Stromboli, Aeolian Islands

posted 24 Apr 2019, 12:41 by Charles Greene   [ updated 24 Apr 2019, 12:45 ]
Stromboli, Aeolian Islands
 
We humans tend to be visual creatures. Perceiving a story through physical senses will typically enhance it greatly, make it play in colour in our heads.
To quote rabbi William Shakespeare, all the world is a stage.
 
 
Standing in the ruins of the picturesque Greek theatre in Taormina, we prepare here excitedly for a full day on and around one of the most fascinating volcanoes on the planet.


Stromboli has been in pretty much continuous eruption for the past 2,000 years.
 
 
We sail out to the island of Stromboli - from here, those of us who opt to ascend the volcano are going to climb some 900 m above the sea and peek into the fire-belching crater. Then, we will come back and join those sailing around.
 
Nature can be truly humbling - our Sages even introduced a blessing recited when you witness a volcanic eruption. Baruch Ata... she-Kocho u-Gevurato maleh Olam, Blessed are You, oh God... Whose power and might fill the universe.
 
Three days after reading the Haggadah, we actually get to witness the smoldering lava, burning fire and steaming ash coming live out of the earth.
 
As we keep climbing, we encounter the first burning bush. Should we take our shoes off? Moses did, after all. Then again, he was explicitly told to.
 
 
Here comes the pillar of smoke by day, and pillar of fire by night. We smell the sulfur, see bits of ash flying in the air. And the roar, the low grumbling of the mountain's guts.

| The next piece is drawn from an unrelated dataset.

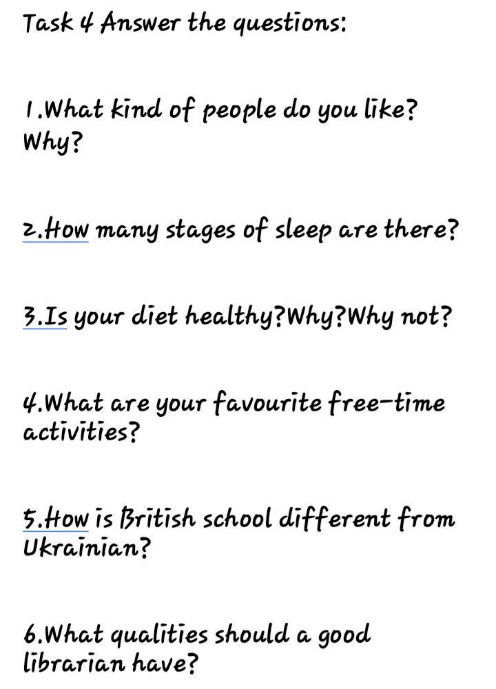 5. They have a big difference because British schools have more control at pupils, they have to wear school uniform and there are a lot of other rules that they need to observe. Schools in Ukraine usually not so strict.

You could hear it miles away. If that mountain were floating above your head, like Sinai above the heads of our ancestors according to the Midrash, would you have refused the Almighty's gentle offer of the Torah and its commandments?
 
 
We head home, davening Ma'ariv onboard. 
As the Bard tells us, the Shul must go on.
The prayer comes out quite inspired. We can't help but compare our own finality to the little part of something very, very big that we just touched.